Sex complicates things. It does. After my divorce I didn't have sex for a few years as I just wasn't interested in a man at all. I of course didn't give up having orgasms, those were easy but for years I stayed away from the intimacy and touching the opposite sex. As I settled into becoming a provider and taking over as head of the household, I also became more in tune with my manly side. No I didn't grow a moustache (hang on, bad example, I am an Indian woman and I will not discuss my moustache here!) or decide I was going to bat for the other side, what I mean by manly side is that I had to hide my emotions and if I wanted sex, I would just get it. I did not go out and shag everything in sight, I do have more common sense than that, but I had an arrangement with a good friend that I could trust. It wasn't the most ideal scenario but I was getting some.

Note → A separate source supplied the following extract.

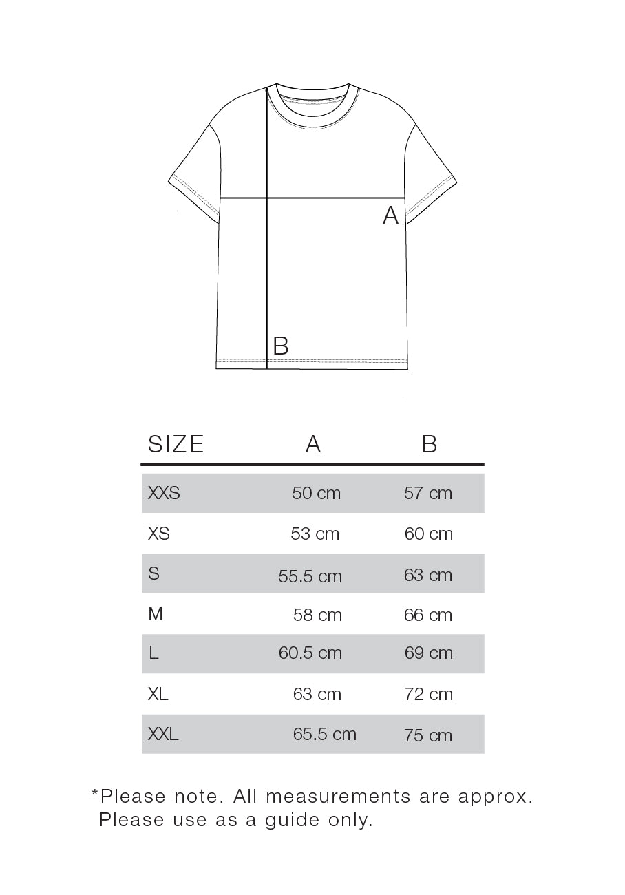 Our size guide is only approximate measurements, taken on a flat surface and are of the front of the garment only. Please use this as a guide.

When I started dating again, I stopped seeing my friend as I was ready to start looking for a more committed and exclusive relationship.
That's when those bad dates, those one date wonders etc happened. Then I met someone and it developed into an attempt of a relationship (I am screwed up so anything resembling a real relationship would have sent me running). So sex became a part of the relationship, and I got used to being touched again. The intimacy, the touching, the stroking, it was addictive. Now that we are stepping back and evaluating this whole attempt of a relationship, I am craving all the things I fought so hard to ignore.
We can't go back to having sex, as it will complicate this stepping back thing, and I am not the sort of person who will go have random sex with strangers, as it needs to have a meaning. Seeing him this last week has only made me more aware that I miss him touching me!
And no this itch isnt something BOB (battery operated buddy) will be able to cure. Its not about the orgasm, its about the touching and that is one thing BOB cant do!